Последние сумеречные тени скользнули в Днепр, морщинистый под ветерком, исходящий теплым радужным туманом. Волны набегали на песчаные отмели, раскачивая рыбацкие однодеревки. Из окрестных лесов летели стаи диких голубей, трепетали над самыми крышами.

– Эй, парень, ворону проглотишь. Пошто рот распахнул? – донеслось снизу.

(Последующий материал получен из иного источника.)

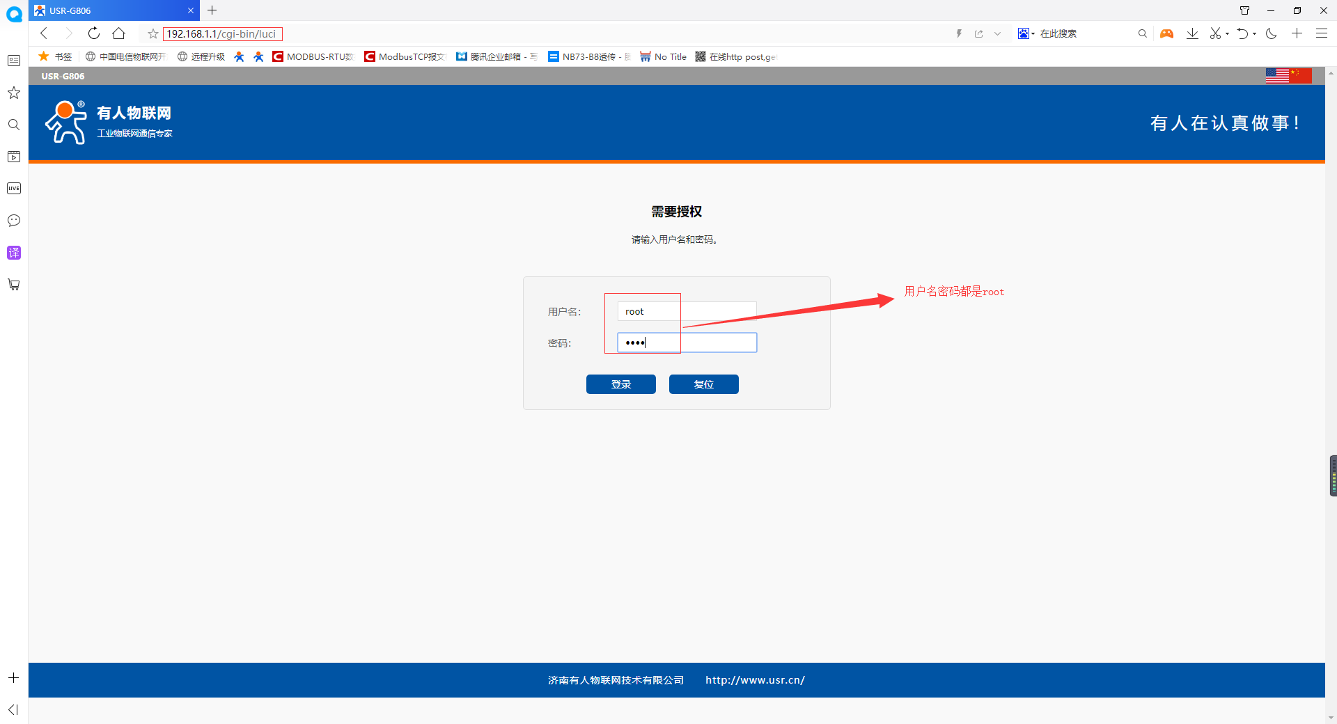 1、以上步骤完成后,打开路由器的配置网页,出厂默认地址是192.168.1.1 用户名密码均为root

Доброгаст не ответил, стараясь казаться равнодушным, спустился к реке, стал пить воду, брызгать в лицо. Краем глаза увидел сидящего в лодке рябого человека, откровенно за ним наблюдающего.

– Беглый, небось?

– С чего взял? – приступил к нему Доброгаст. – Смотри ты…

– А с того взял, что нет в Кияни лапотников, – засмеялся человек, – да ладно ужо, садись в лодку – перевезу! Я таких, как ты, даром вожу… беглых-то. Люблю вас – отчаянные вы люди, головы забубенные. – Он снова коротко рассмеялся, ругнулся.

– Прошлой весной пришел ко мне один молодец, тоже, как ты, на Киянь глазел. «Перевези», – говорит. Злой был молодец и смелости необыкновенной. А на реке – ледоход вовсю. «Куда, говорю, в этакую страсть!» – «Перевези, – твердит, – я тебе много денег дам и шапку соболью подарю, не теперь, а потом»… Уговорил… Я попробовал, довез до середины… нет, неможно! Словно клещами хватает лодку льдинами и несет. «Надо возвернуться», – говорю. А он: «Ну, нет…. пропади все пропадом!» Да как сиганет на льдину, потом на другую и поскакал русаком.

Перевозчик с минуту помолчал, пытливо вглядываясь в лицо Доброгаста, и продолжал хитро:

– А потом на Житном торгу ему голову отсекли. Сам положил ее на чурбан, согнал мух и положил. Сохнет теперь она на Кузнецких воротах. Намедни я проходил, хотел было напомнить о собольей шапке, да перемог себя… Ну, иди в лодку!

вернуться

10

Детинец – то же, что кремль.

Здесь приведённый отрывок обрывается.